14      Joseph next argues that his trial lawyer should have objected to the prosecutor’s statement during closing argument that Joseph’s gun could not have accidently fired multiple shots.  Detective Leroy Shaw testified that Joseph’s gun was semi-automatic, so one bullet would fire each time the trigger was pulled.  On cross-examination, Detective Shaw testified that it was possible for a gun to malfunction and fire more than one bullet at a time.  During closing argument, the prosecutor argued that Joseph’s gun could not fire automatically, discharging several bullets at once as Joseph claimed, pointing to Shaw’s testimony that a person needed to pull the trigger each time to fire a bullet.  The prosecutor acknowledged, however, that guns sometimes malfunction.  The prosecutor’s remarks were consistent with Shaw’s testimony and completely within the bounds of permissible argument.  Joseph’s lawyer did not perform deficiently in failing to object to this argument.
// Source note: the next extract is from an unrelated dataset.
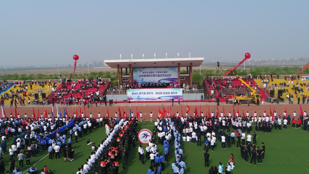 4月26日上午,渤海新区第五届全民运动会在太阳官网隆重开幕。太阳官网王化深院长受邀参加了开幕式并在主席台就座。来自新区各界群众2000余人共同观看了开幕式盛况。开幕仪式由渤海新区党工委委员、黄骅市委书记朱春燕主持。

15      Finally, Joseph argues that his lawyer should have objected to the prosecutor’s argument that the police diagram showing where the bullet casings were found indicated that Joseph was walking toward Taylor while shooting him in the back.  “The line between permissible and impermissible argument is drawn where the prosecutor goes beyond reasoning from the evidence and suggests that the jury should arrive at a verdict by considering factors other than the evidence.”  State v. Neuser, 191 Wis. 2d 131, 136, 528 N.W.2d 49, 51 (Ct. App. 1995).  The prosecutor’s contention was a reasonable inference that could be drawn from the diagram.  Therefore, Joseph’s lawyer did not perform deficiently in failing to object to it.

            By the Court.—Order affirmed.

            This opinion will not be published.  See Wis. Stat. Rule 809.23(1)(b)5.